Do you have any more ideas? As a side note, I never had to use xrandr while using atitvout, as I always got it working using my regular 1024 x 768 resolution.

----------

## miju

Hi gmichels,

well i see the tv is detected... That was for me the main problem with xorg 6.8 for me.

Did you try to get it work with in a vt without X? Or was it the same result?

Maybe this driver works only for some of the radeon cards...

You read about it where i got this thing... Maybe it is broken.

I think you won't get any support as long as no branch for tvout on the ati 4.4.0 module exists.

My card is a ATI Fire GL Mobility M9 and works fine... thats all i can say.

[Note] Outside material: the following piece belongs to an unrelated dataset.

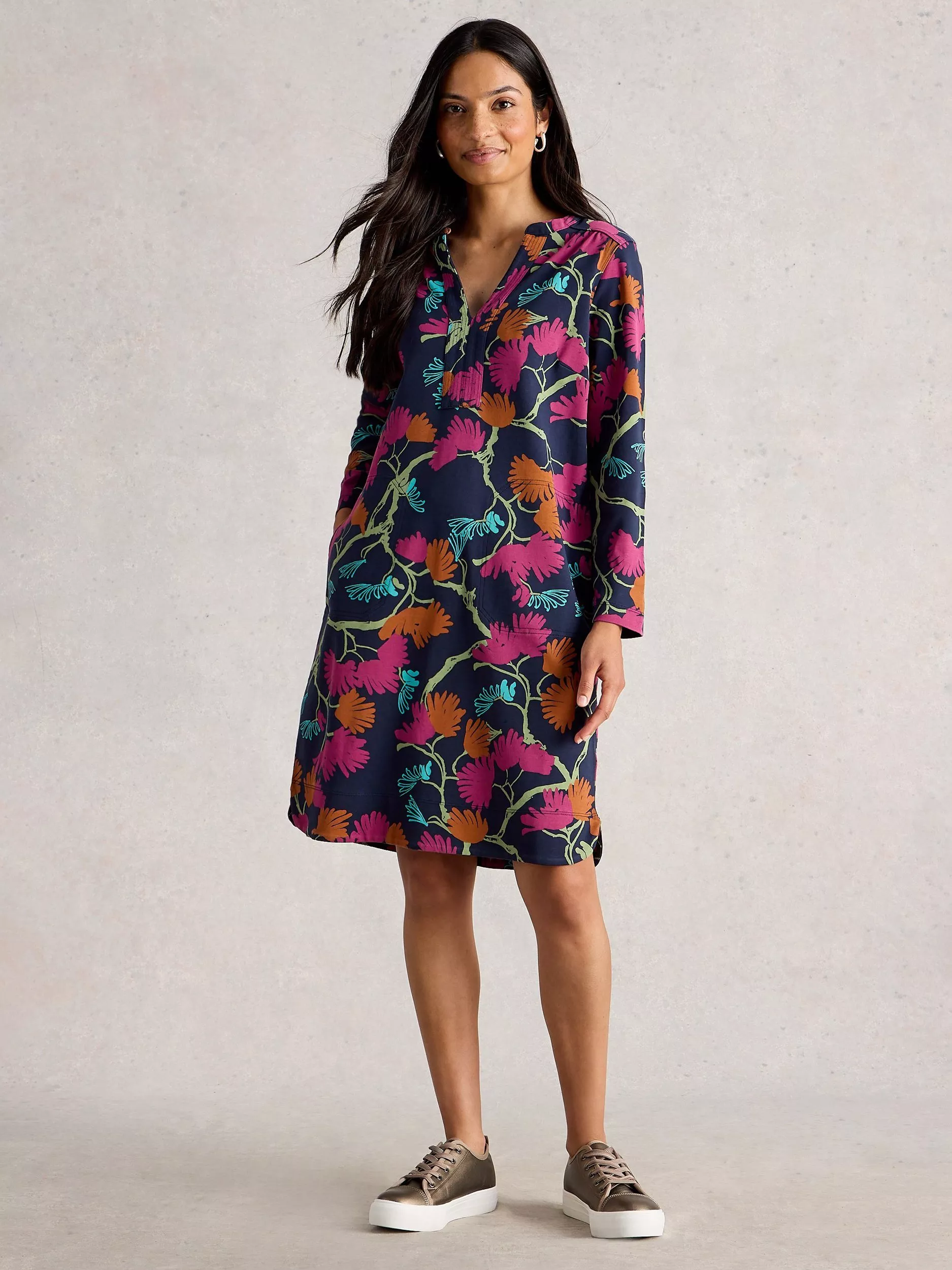 This knee-length straight dress, crafted from 100% cotton, brings comfort to your day. The playful leaves and trees pattern and V-neck offer a sharp look that feels right for work or weekend plans. Long sleeves for added ease.
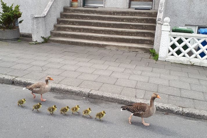 „Ég held þetta sé að nálgast eitthvað á þriðja þúsundið þegar allt er talið,“ segir Arngrímur og vísar til fjölda þeirra sem brugðist hafa við mynd hans inni á Facebook hópi íbúa Hlíðahverfis. Þar birti hann mynd af fjölskyldunni í morgun. Komu spásserandi niður götuna „Ég var bara úti á götu að týna rusl og var litið upp og þá koma þær spásserandi á móti mér,“ segir Arngrímur. „Þær litu hvorki til hægri né vinstri og voru einbeittar og gengu bara yfir götuna. Svo kom bíll að neðan og hann þurfti bara að gjöra svo vel og stoppa á meðan þær fóru sína leið.“ Arngrímur segist ekki hafa séð fjölskylduna áður í götunni. Sjónarspilið hafi því komið vel á óvart. Arngrímur er dýravinur mikill og gladdist við að sjá gæsafjölskylduna í morgun, rétt eins og fleiri íbúar í Hlíðunum. „Þær birtust þarna bara eins og að himnum ofan. Maður var alltaf að sjá gæsir allan ársins hring en ég hef aldrei séð unga hérna áður, enda er ekkert vatn hérna nálægt, ekki einu sinni skurður,“ segir Arngrímur og bætir því við að hann hafi verið fljótur að taka upp símann til að mynda þær. Dvalarstaður við Kringluna „Ég náði frábærri mynd í þriðju tilraun. Núna er fjölskyldan horfin á braut, ég veit ekki hvert hún fór enda passaði ég mig á því að vera ekkert að trufla. Foreldrarnir þurfa frið til þess að koma ungunum á flot.“ Eins og áður segir vakti mynd Arngríms af fjölskyldunni gríðarlega athygli. Svo virðist vera sem fjölskyldan eigi sér samastað í beði við líkamsræktarstöðina World Fit við Kringluna. Það er útvarpsmaðurinn Atli Már Steinarsson sem opinberar þetta en hann tjáir sig við færslu Arngríms og segist hafa fylgst með gæsafjölskyldunni í nokkrar vikur. „Gleður mig mjög mikið þegar ég sá að ungarnir voru búnir að klekjast út og séu vonandi á leið á betri stað til að búa á.“

I can only tell you what components i am exactely using:

Kernel:

2.6.11-rc4 vanilla sources and the built in radeon module.

Xorg:

 *Quote:*   

> [ebuild   R   ] x11-base/xorg-x11-6.8.0-r4  -3dfx -3dnow +bitmap-fonts -cjk -debug -dlloader -dmx -doc +font-server -hardened -insecure-drivers +ipv6 -minimal +mmx +nls +opengl +pam +sdk +sse -static +truetype-fonts +type1-fonts (-uclibc) +xprint +xv 0 kB
> 
> 

 

Config:

http://www.student.informatik.tu-darmstadt.de/~fabio_l/xorg.conf

Attention: I use a regular resolution of 1400x1050. Change that if you try this config  :Wink: 

Atitvout:

 *Quote:*   

> [ebuild   R   ] media-tv/atitvout-0.4-r1  27 kB
> 
> 

 

By the way. As you can read in the ebuild the regular gatos driver depends on the sdk flag for xorg. Maybe you need it for this driver, too.

Greets miju

P.S. The screen resolution 1024x768 works fine, too. But because i'm not able to read something, i use a lower resolution for the tv.

----------